While the subject matter of Something I Am Not is rough and difficult, it’s vital for Christians to see what kinds of ugliness are out there, and Cher Gatto shows it without steeping us in the muck.
Why Would Anyone Want to Read Such a Heart Breaking Book?
Redemption. That’s why.
All too often, we read of abductions, of people held captive, of the ugliness of sporting events and the people treated as commodities there. We read of girls running away from home never to be seen again.
Cher Gatto tells their stories through the eyes of one young man living it–Billy. The difference is that amid the struggles and difficulties of the boy’s life, Cher adds that one element we all crave. Redemption.
My review of the book can be read HERE. Oh, and for the record? However I disagree with myself. I didn’t love the book then. I remember loving it now. That says something about the book’s long-term impact on the reader’s life!
Am I eager to read the sequel? You betcha.
Cher is working on a few other projects.
First, a book hopefully coming out this November, Regent. Whoa does it sound amazing. And a Southern mystery? Sign me up and take my money, please. I mean, come on!
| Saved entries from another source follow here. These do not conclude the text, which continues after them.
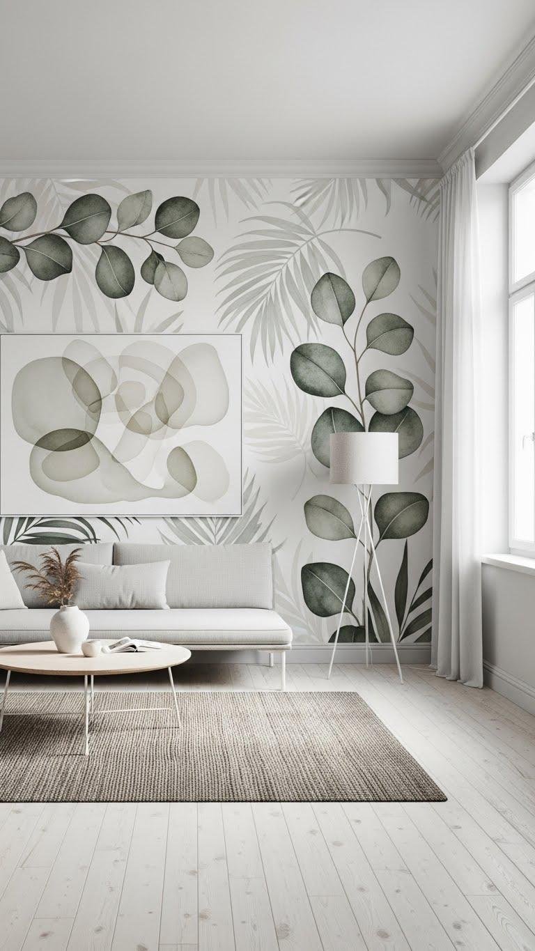 When you want to make a fresh, modern statement, choose oversized botanical wallpaper on a single accent wall to anchor the room without overwhelming it. Pick oversized eucalyptus or subtle palms in botanical murals to create depth and calm. You’ll keep the rest minimal — clean lines, airy neutrals — so the mural breathes and your space feels open, expressive, and free.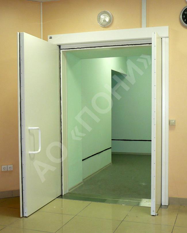 Комплекс из двух рентгенозащитных автоматических распашных дверей в радиологическом корпусе Вологодского областного онкологического диспансера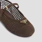 Elevate your everyday elegance with these exquisite Prada Brown Cotton Ballerinas. Crafted from beautifully crocheted brown cotton, these ballet flats feature a sophisticated round toe design and luxurious gold-toned hardware, including the iconic enamelled triangle logo.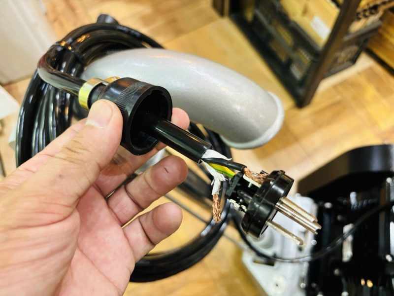 海外で作成するにあたり、綿密な打ち合わせと写真や動画を交えたやり取りで無事に日本に到着したものの、単相200Vで事務所には繋げるコンセントがないため「早く動かしたい!」と思いは募るばかり。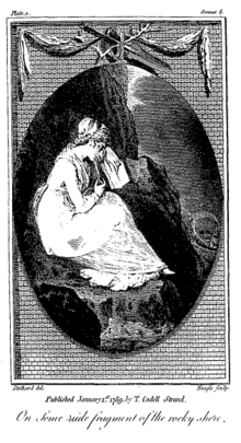 Beginning with her Elegiac Sonnets in 1784, Smith included autobiographical material in her works, relaying “a saga of her own marital unhappiness, poverty and anxiety about her children”.[6] Readers purchased her works partially because they wanted to hear the unfolding story of her life. The narratives of Jessy and Sophy contain references to Smith's own life that readers of the Sonnets would have recognised and to which reviewers alluded. For example, Sophy's marriage to a merchant whose wealth was built on the slave trade, her suffering as a mother, and the loss of her children, all parallel Smith's own life.[7] The heroine is widely read and a poet, signalling her connection with Smith.[5] For Celestina, “literature is talismanic, her greatest help in times of trouble”, as it was for Smith.[8] Celestina takes a trip to the Hebrides where she writes poetry and watches her friend's husband die in a shipwreck, mimicking an illustration Thomas Stothard made for the fifth edition of the Sonnets.[9] This section of the novel is particularly redolent with autobiographical references, with Benjamin Smith, Smith's husband, represented by Elphinstone, in a portrait that partially redeems him after his portrayal as Mr. Stafford in Emmeline.[10] In her heroising of the author figure, Smith was helping to create Romanticism.[11]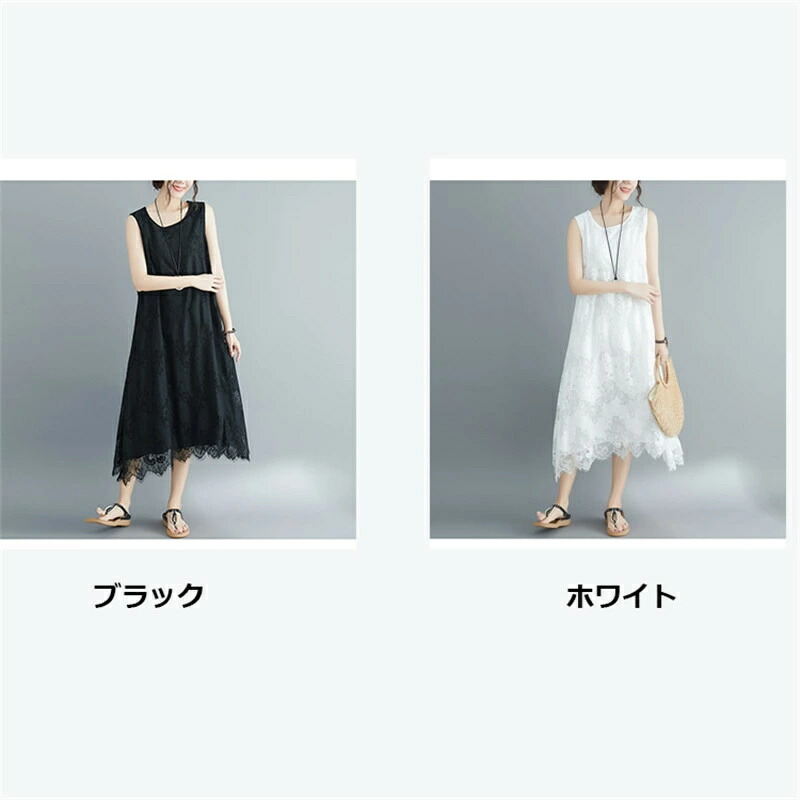 商品名 マキシワンピース レディース レース 花柄 Aライン ノースリーブ ボートネック ロング丈 ミモレ丈 フレア ゆる 無地 シンプル きれいめ 20代 30代 40代 送料無料

You can find out more about her and her upcoming projects, as well as view the awesome trailers on her WEBSITE.
2020 Christian Indie Award for Best YA; 2020 Carol Finalist for Best YA
SOMETHING I AM NOT is a powerful look at the insidious world of human trafficking right in our own backyard, and the redemptive story of a young man’s fight to get out.
A father who never loved him … A woman who stole his worth … And the brother he couldn’t protect.
Where does someone run in the face of his deepest shame?
Billy McQueen works hard to keep his life together … and concealed. At seventeen, he dreams of an escape from the barroom, his father’s manipulation, and the advances of his father’s girlfriend. However, on his eighteenth birthday, Billy is introduced to a younger brother he never knew he had. An eight-year-old who is barely capable of navigating the corrupt world of his father’s boxing club.
In order to secure his own freedom, Billy must fight for it. But to save his little brother who is next in line for the slave trade … he must die for it.
Written for the General Market (G): Contains little or no explicit sex or strong language. However, mature themes are more appropriate for older young adult/ adult audiences.